Head testified contraband is not only being sent over fences, but is smuggled into prisons by visitors, who conceal drugs in body cavities and other places, including in babies' diapers.

Inmates have been known to pay $200 to $2,000 just for a pouch of tobacco.

A very small number of prison staff, including correctional officers, food service workers and psychologists, have also been caught smuggling drugs.

There were 12 such cases in the past year, resulting in dismissals, he said.

Head said in 2008, Ottawa provided the agency $122 million over five years to detect and thwart drug smuggling. The money has helped to increase the number of drug-sniffing dog teams to 100 by the end of the year and allowed prisons to install thermal-imaging and infrared technology to help detect people sneaking up to prison grounds.

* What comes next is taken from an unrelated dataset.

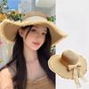 Bowknot Strap Decor Sun Hat Simple Letter Wide Brim Straw Hats Summer Sunshade Beach Hats Suitable for Travel, Seaside Vacation

The percentage of inmates testing positive for drugs in random urine tests has dropped from 11 per cent to about 7.5 per cent, a positive sign, Head said.

But Pierre Mallette, national president of the Union of Canadian Correctional Officers, testified while new tools have made it more difficult for drugs to get into prisons, there remains a thriving "underground economy" controlled by money-driven inmates who have affiliations to organized crime and gangs.

"You can have all the equipment you want, but at the end of the day, there are people inside there that want to make money," he told the committee.

The percentage of inmates using drugs or alcohol is "easily" more than 7.5 per cent, Mallette said.

"It's true, there's a problem with statistics," Mallette said, suggesting some inmates may have tampered with tests.

On the treatment front, Head said the amount of money the agency has for programs, including substance-abuse programs, has gone from $130 million to $154 million over the last few years.

The amount of time inmates have to wait to enrol in these programs has also been cut in half, Head said.

Asked whether funding is keeping pace with increases in the prison population, Head said, "it is not necessarily keeping pace with the demand. We have to make some choices as to where we'll put our time and energy."

The discussion comes as the Harper government is trying to push through its controversial crime bill, the Safe Streets and Communities Act.

Critics have said the bill puts too much emphasis on incarceration and will increase the inmate population by thousands, straining the system more.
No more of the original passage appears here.